Thanks for the link!

Well, going to BB lye calc states that their KOH is 90% and NaOH is 97%. So luckily (no thx to BB for not clearly stating) I'm on track I think!!


----------



## thunderwagn (Mar 15, 2015)

So, is been a week since I made the liquid soap with hemp using the cold process method posted by Susie, and using the recipe I previously posted. 
Not exactly sure what is going on with it. It's cloudy and has a milky layer on the bottom. I'm thinking it has something to do with the hemp as I've used the same process before with successful results. The hemp oil used was a cold pressed, unrefined oil. Any clues?
Photo of soap:


----------



## DeeAnna (Mar 17, 2015)

Hard to say, Thunder.

Guess 1 -- insoluble non-saponifiable components in the hemp oil on the bottom covered by a soap layer on the top. Cloudiness possibly due to traces of insoluble ingredients floating in the soap.

Guess 2 -- A soap layer on the bottom covered by a thick unsaponified oil layer.


----------



## Susie (Mar 17, 2015)

If you could use a pipette or turkey baster or something to pull a bit of JUST the top layer off, and see if it is soap or oil, we could better help.  

It really does look to me like unsaponifiables settling to the bottom, but please let us know so we can go from there.

If the OO was not EVOO, the rest of the recipe should have given you clear soap, so it has to be the hemp oil providing unsaponifiables.  If you used EVOO, though, it could be that.  If it is unsaponifiables, the cloudiness should clear up as the soap sequesters and more unsaponifiables fall out of suspension.  If so, then I would just use a turkey baster to pull the clear liquid off the top and transfer to another bottle.


----------



## thunderwagn (Mar 17, 2015)

I'll update after I try to pull some off the top. I have used a bit of the paste and it lathers nicely and feels good on the skin.


----------



## thunderwagn (Mar 17, 2015)

Susie, the oo used is just olive oil. I save the EVOO for my salad  I'm pretty convinced it's the hemp oil as it's the only changed factor in the recipe. If you look back to the beginning of the thread, I posted a picture of some of the soap I've made recently without the hemp. 

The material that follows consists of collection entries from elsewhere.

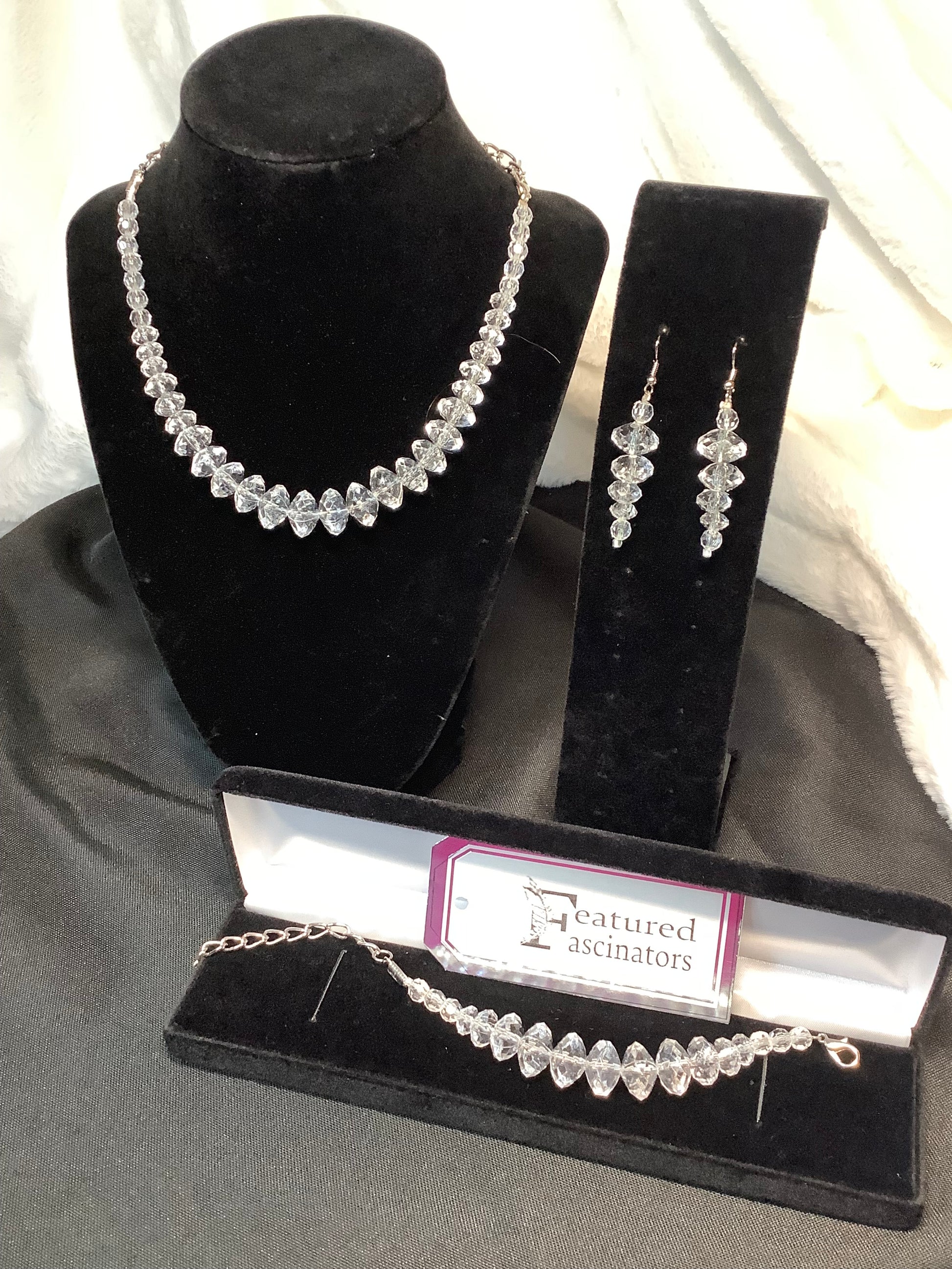 Step into timeless sophistication with the Crystal Elegance Full Set, a dazzling ensemble that pairs classic beauty with modern flair. This collection features a handcrafted fascinator in ivory-white with sculpted fabric and silver sprays, offering a show-stopping crown to the perfectly coordinated necklace, bracelet, and earrings. Each jewelry piece sparkles with tiered clear crystal beads that reflect light from every angle — ideal for weddings, garden parties, and Sunday best.
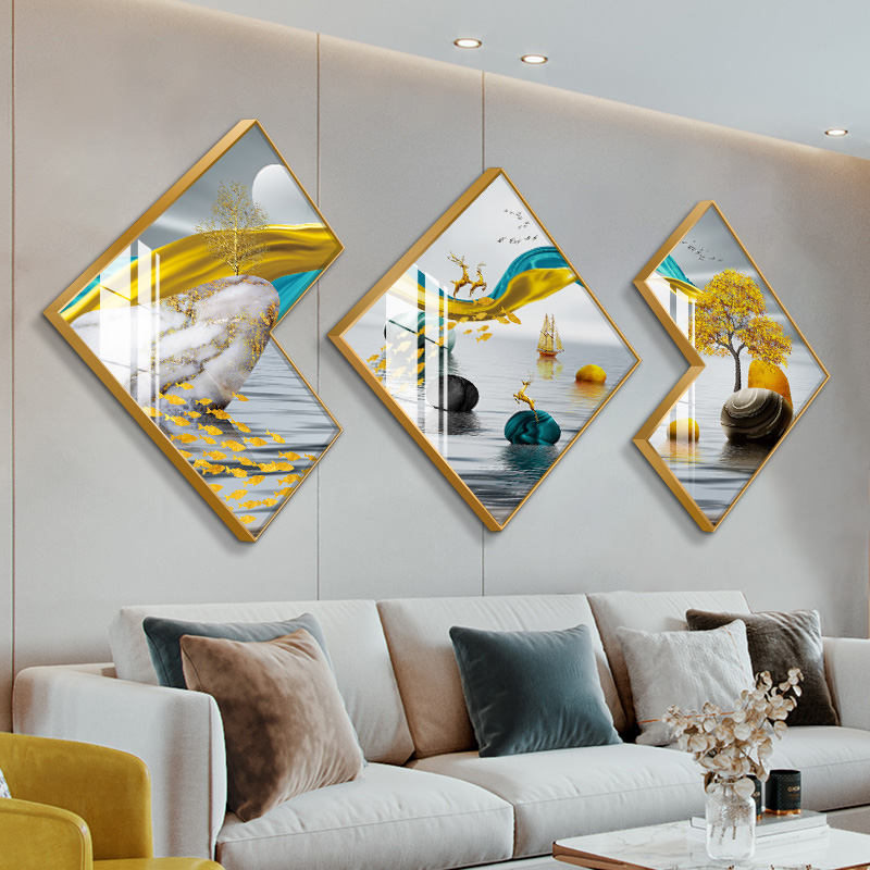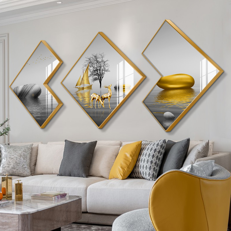 Nordic Light Lavish Living Room Decoration Painting Stone To Run Polygon Sofa Background Wall Hanging Painting Modern Dining Room Wall Painting
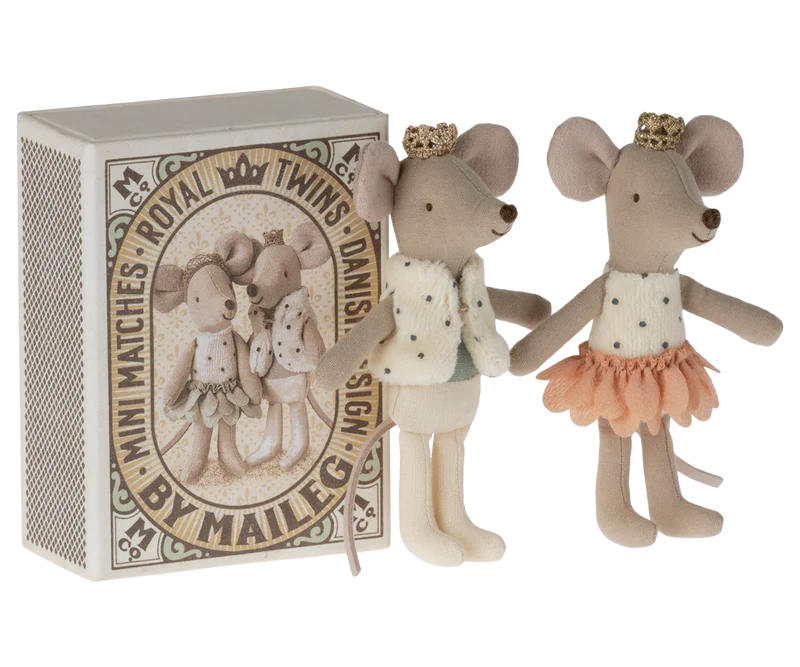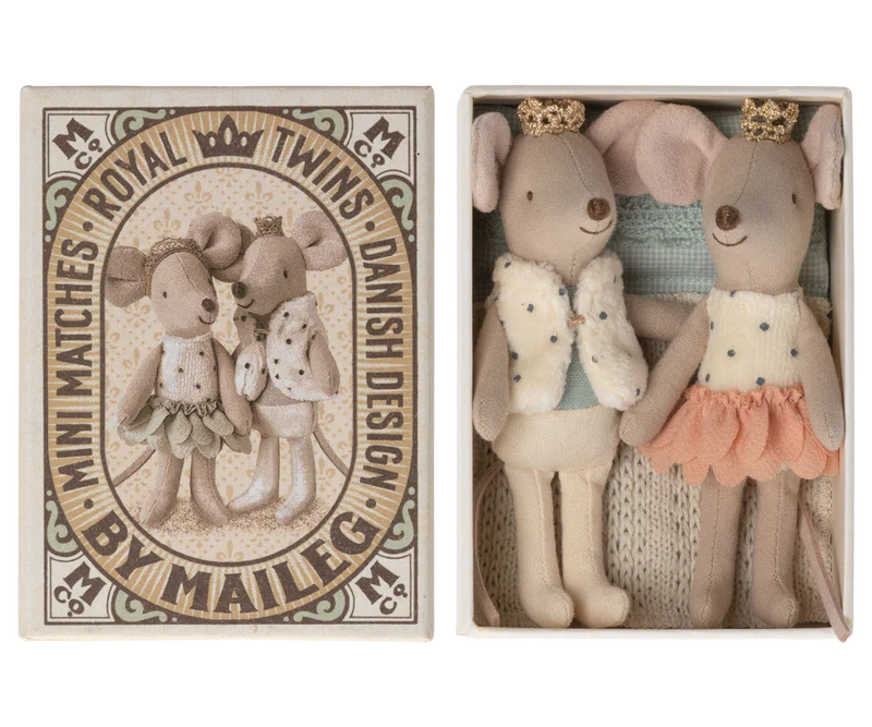 Make way for the royal heirs! This adorable duo’s outfits include complimenting accents, so they can always make a grand entrance together. They also share a customized matchbox that has their portraits printed on the top, how fancy! Our darling Royal Twins love to run around the castle together and play games. Little Sister likes to twirl and dance in her beautiful pedaled skirt. Little Brother looks so regal in his plush dotted vest and mint shaded shirt beneath it.
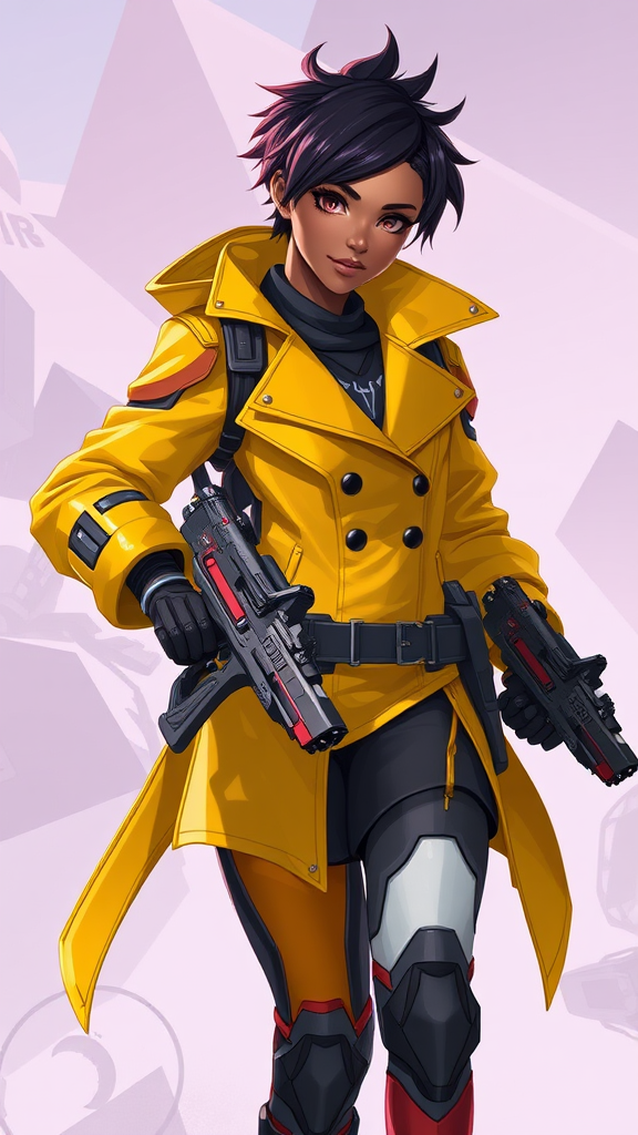 An afrofuturism anime-inspired female character in a vibrant yellow coat, resembling a fusion of Overwatch and Apex Legends styles. She exudes strength and agility, wielding dual futuristic guns with sleek designs. Her look blends elements of Loba Andrade's elegance and tactical prowess, with a touch of Brigitte's armor-like functionality for enhanced protection. Her short, dynamic hairstyle channels Lucio's energy, adapted to a feminine aesthetic. Her character design draws on Senna's ethereal presence from League of Legends and the sleek, modern edge seen in Valorant. The setting is a dynamic, cyber-enhanced world where technology and artistry collide, defining her as both a guardian and a warrior of a new era.

I drew a bit off the top and the top layer is a nice, soft feeling, (if that makes sense) lathery soap.


----------



## Susie (Mar 17, 2015)

Then the hemp oil gave you unsaponifiables that have fallen out of solution.  No worries.  That is what sequestering is for.  Just set the jar aside and let it have a couple of weeks to settle, then pull the top clear layer off without disturbing the bottom.  Should be fine.  If you have a steady hand and an oil separating cup(like the one you use to get the turkey broth off separated from the oil), you can pour the cloudy layer off the bottom.


----------



## thunderwagn (Mar 18, 2015)

I appreciate the tips ladies! For future, is there anything I can do differently to prevent this? Did I see a post made by Irishlass clear up a similar occurrence with ps 80?

I'm not concerned about using the cloudy soap at home. However, the hemp oil that was a gift has become rather important to me. A friends wife, who gave me the oil, fought a long, tough battle with COPD and just passed on Sunday. She loved my cp bar soaps. I recently made a goat milk soap with some of the oil and was looking forward to making this soap for her as well. It would mean a lot to me to give the soap to her husband. 

I really appreciate all the help and guidance.


----------



## Susie (Mar 18, 2015)

If the problem were excess oils in the soap, then yes, PS80 would help.  However, this is not.  The "stuff" causing the cloudiness and layer at the bottom is something the lye can't break down and turn into soap.  However, give that soap a couple of weeks to sequester, and much of that cloudiness should settle out.  If not, just make more CP for him.  I am truly sorry for your loss.


----------



## DeeAnna (Mar 18, 2015)

I'm with Susie on this -- both the unsaponifiables settling out and how PS80 is best used.

I'm sad to hear of your friend's passing. Good friends are treasures.


----------